[What you will do] The finished copy must match the records exactly, except that it contains no pictures.

[Dataset items]
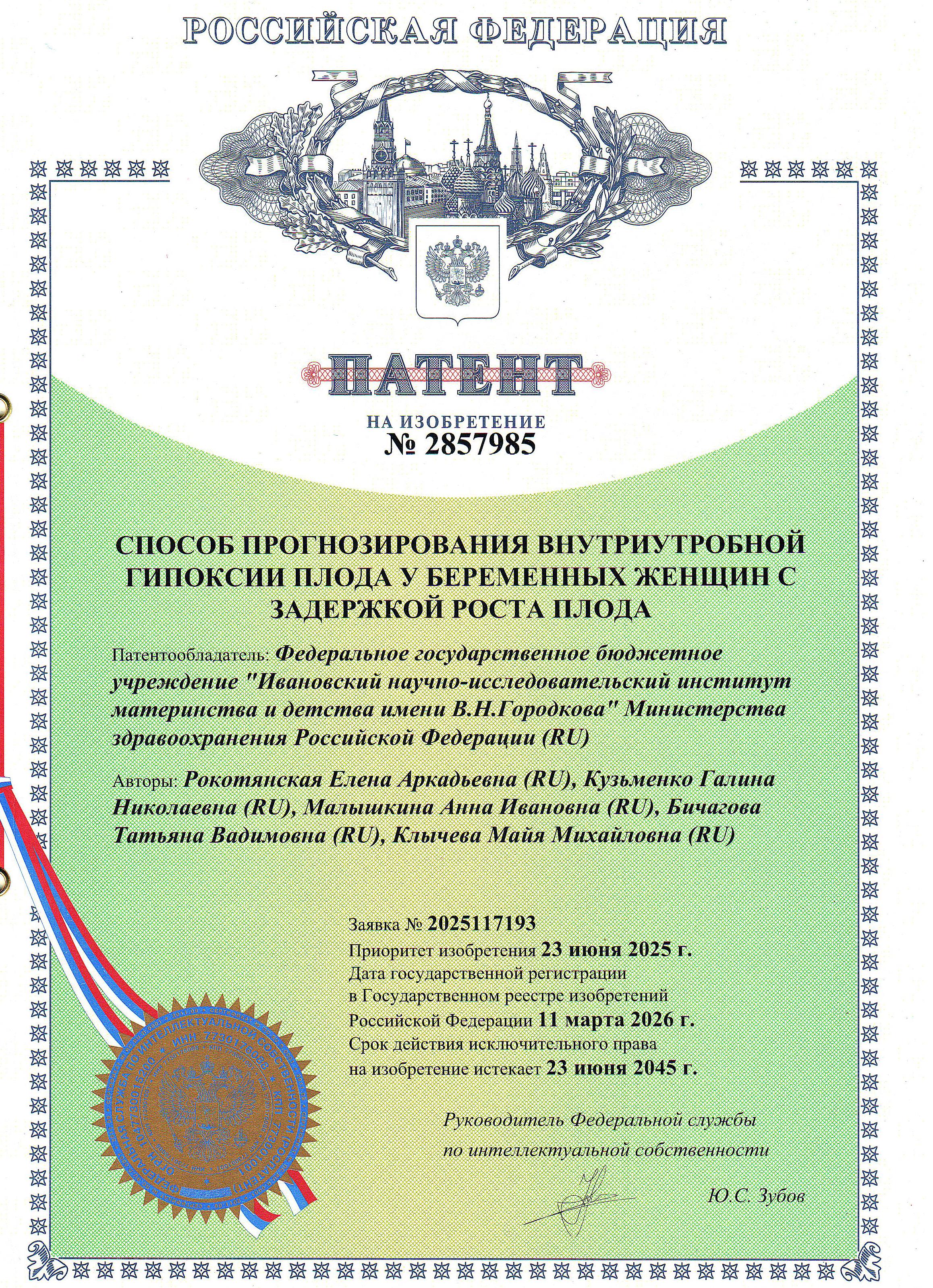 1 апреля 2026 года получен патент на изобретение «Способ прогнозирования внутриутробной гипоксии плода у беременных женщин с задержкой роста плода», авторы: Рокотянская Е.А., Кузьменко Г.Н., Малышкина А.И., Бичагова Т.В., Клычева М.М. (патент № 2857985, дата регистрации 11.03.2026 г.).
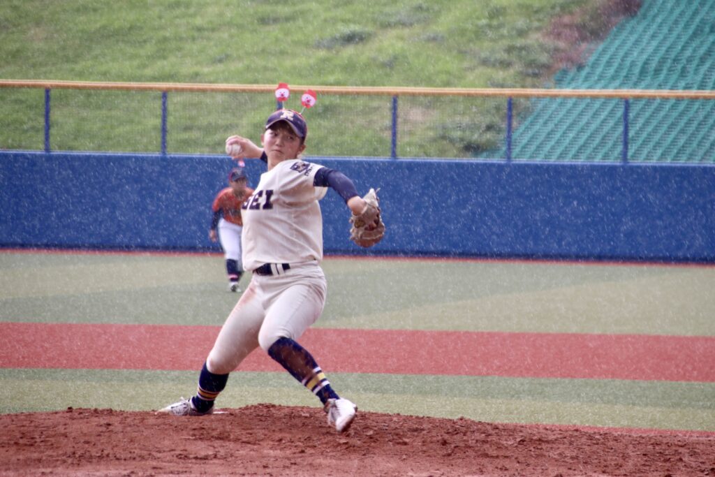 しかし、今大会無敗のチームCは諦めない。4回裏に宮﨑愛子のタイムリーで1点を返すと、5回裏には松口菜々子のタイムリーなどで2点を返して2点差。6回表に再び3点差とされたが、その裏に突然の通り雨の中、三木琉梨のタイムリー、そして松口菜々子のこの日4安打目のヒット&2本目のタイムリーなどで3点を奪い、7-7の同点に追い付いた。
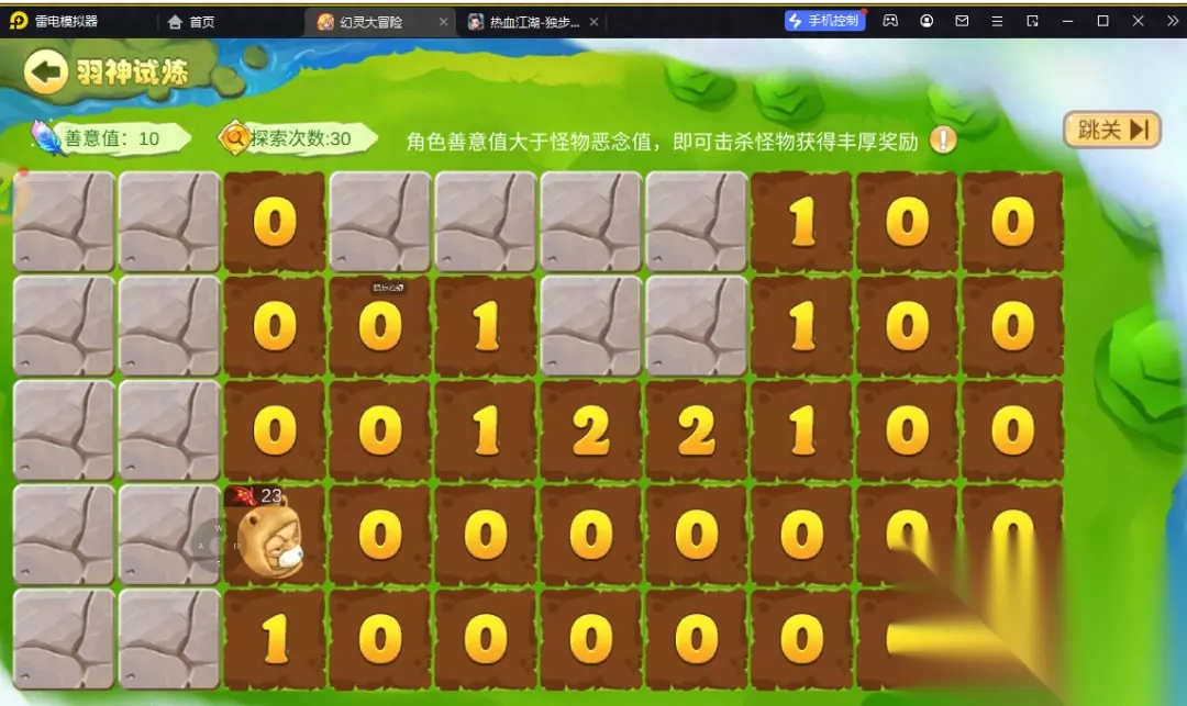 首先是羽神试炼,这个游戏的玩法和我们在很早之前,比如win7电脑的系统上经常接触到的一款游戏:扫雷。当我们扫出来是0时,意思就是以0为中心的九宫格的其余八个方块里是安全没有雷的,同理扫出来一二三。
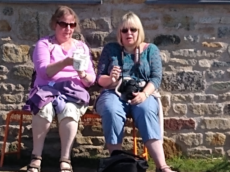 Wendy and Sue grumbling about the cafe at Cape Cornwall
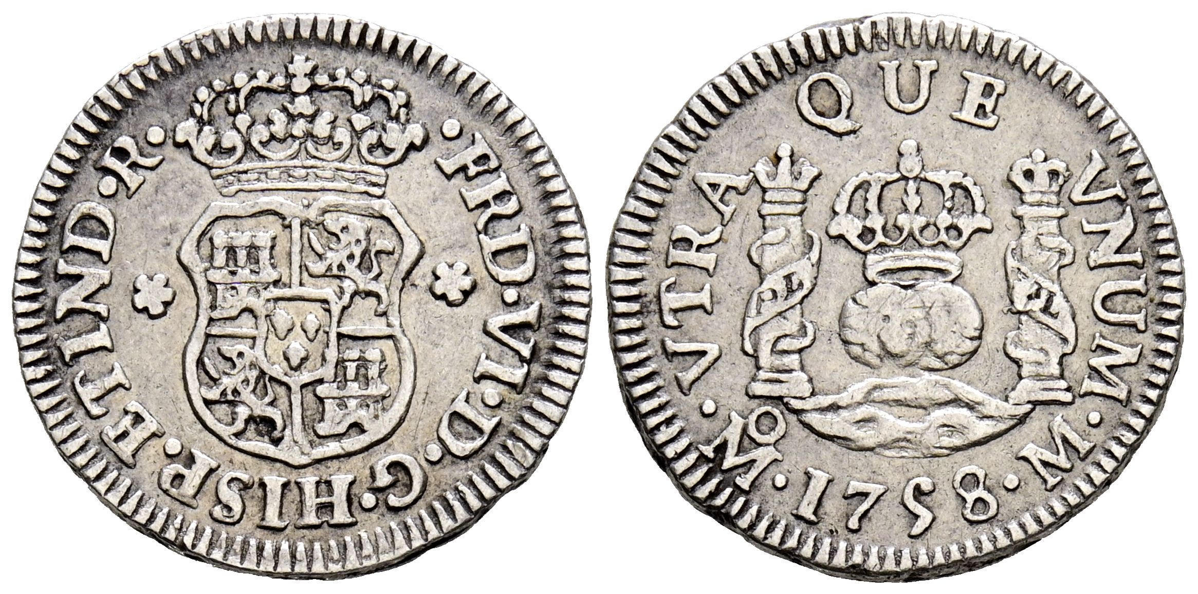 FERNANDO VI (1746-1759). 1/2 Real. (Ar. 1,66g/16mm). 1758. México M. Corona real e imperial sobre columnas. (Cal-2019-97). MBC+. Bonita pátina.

[Solved exercise]
 1 апреля 2026 года получен патент на изобретение «Способ прогнозирования внутриутробной гипоксии плода у беременных женщин с задержкой роста плода», авторы: Рокотянская Е.А., Кузьменко Г.Н., Малышкина А.И., Бичагова Т.В., Клычева М.М. (патент № 2857985, дата регистрации 11.03.2026 г.).
 しかし、今大会無敗のチームCは諦めない。4回裏に宮﨑愛子のタイムリーで1点を返すと、5回裏には松口菜々子のタイムリーなどで2点を返して2点差。6回表に再び3点差とされたが、その裏に突然の通り雨の中、三木琉梨のタイムリー、そして松口菜々子のこの日4安打目のヒット&2本目のタイムリーなどで3点を奪い、7-7の同点に追い付いた。
 首先是羽神试炼,这个游戏的玩法和我们在很早之前,比如win7电脑的系统上经常接触到的一款游戏:扫雷。当我们扫出来是0时,意思就是以0为中心的九宫格的其余八个方块里是安全没有雷的,同理扫出来一二三。
 Wendy and Sue grumbling about the cafe at Cape Cornwall
 FERNANDO VI (1746-1759). 1/2 Real. (Ar. 1,66g/16mm). 1758. México M. Corona real e imperial sobre columnas. (Cal-2019-97). MBC+. Bonita pátina.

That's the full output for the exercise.